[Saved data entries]

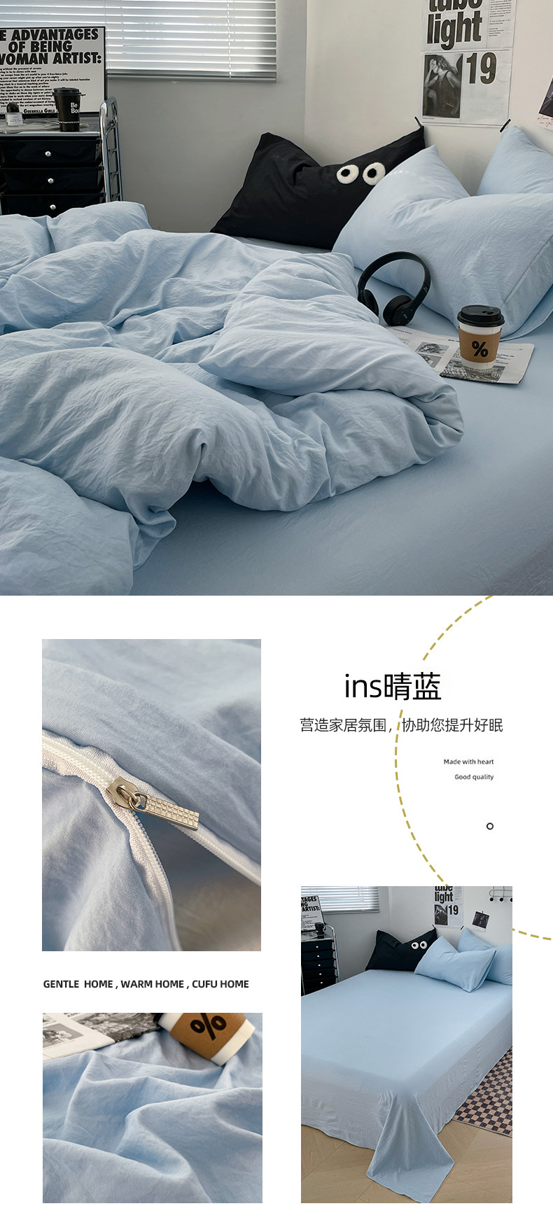 商品名称:贝拉梦 2023新款ins风超柔亲肤磨毛褶皱水洗棉单被套 ins晴蓝
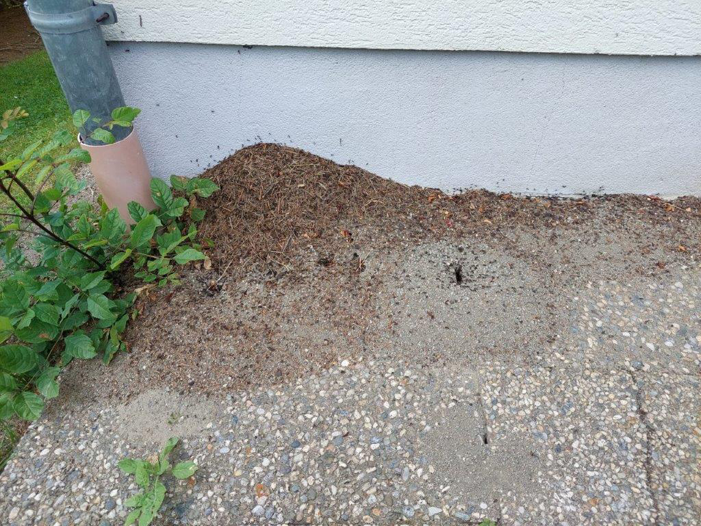 Zu dem Waldameisennest, das an die Hauswand gezogen ist:
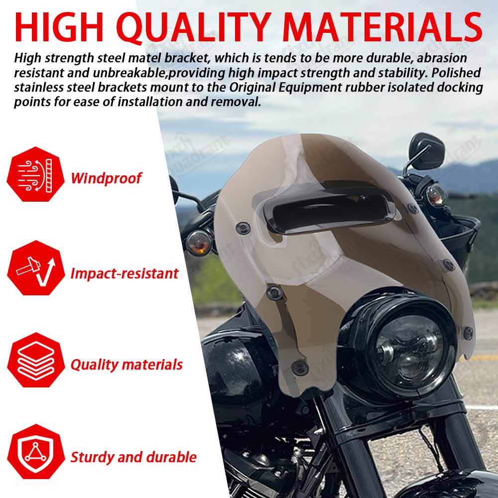 1.Windshield made of high impact ABS plastic with smooth surface,Custom-molded designs , flexible and strong, hard texture, anti-sand anti-stone, not easily be scratched or cracked, riding safety.
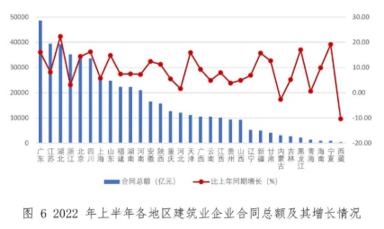 2022 年上半年,廣東、江蘇、湖北、浙江、北京、四川6個地區建筑業企業簽訂合同總額均超過30000億元,分別達到48601.5億元 39419.9億元 392092億元 351917億元、35082.3億元和33563.3億元。
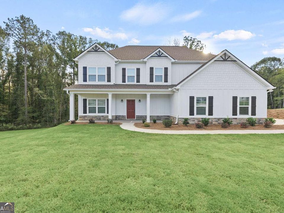 Built in Equity! Home Appraised at $593000. This beautiful New Construction is a fantastic 2 story home features four bedrooms, two full baths, one half bath, office, 3 car garage with an open floorplan with a foyer entrance leading to the large great room with fireplace, the chef's kitchen overlooks great room and features plenty of upgraded cabinets and quartz countertops, refrigerator, stovetop, wall oven, under counter task lighting, stainless steel appliances, large breakfast room leads out to a covered patio. There is also an office and half-bath on the first floor. Large storage area under the staircase. There are four bedrooms, two bathrooms; large master suite with large walk-in closet, garden tub, tile shower and a double sink vanity; this home has quartz counter tops in the master bathroom and granite in secondary bathrooms; tile floors in the laundry room. The home has LVP hardwood flooring throughout including all bedrooms (no carpet), oil rubbed bronze fixtures and hardware, exterior has Hardi Plank fiber cement siding with stone accents. Beautiful porch in the front of the home with a large covered back patio in the back of the home. The front and back yards are sodded. The Builder Incentive with one of our preferred lenders.

## Description of the task
Starting at the first line of the records above, set down each line exactly through the one that holds "1.Windshield made of". Omit pictures.

## Answer for this exercise
 商品名称:贝拉梦 2023新款ins风超柔亲肤磨毛褶皱水洗棉单被套 ins晴蓝
 Zu dem Waldameisennest, das an die Hauswand gezogen ist:
 1.Windshield made of high impact ABS plastic with smooth surface,Custom-molded designs , flexible and strong, hard texture, anti-sand anti-stone, not easily be scratched or cracked, riding safety.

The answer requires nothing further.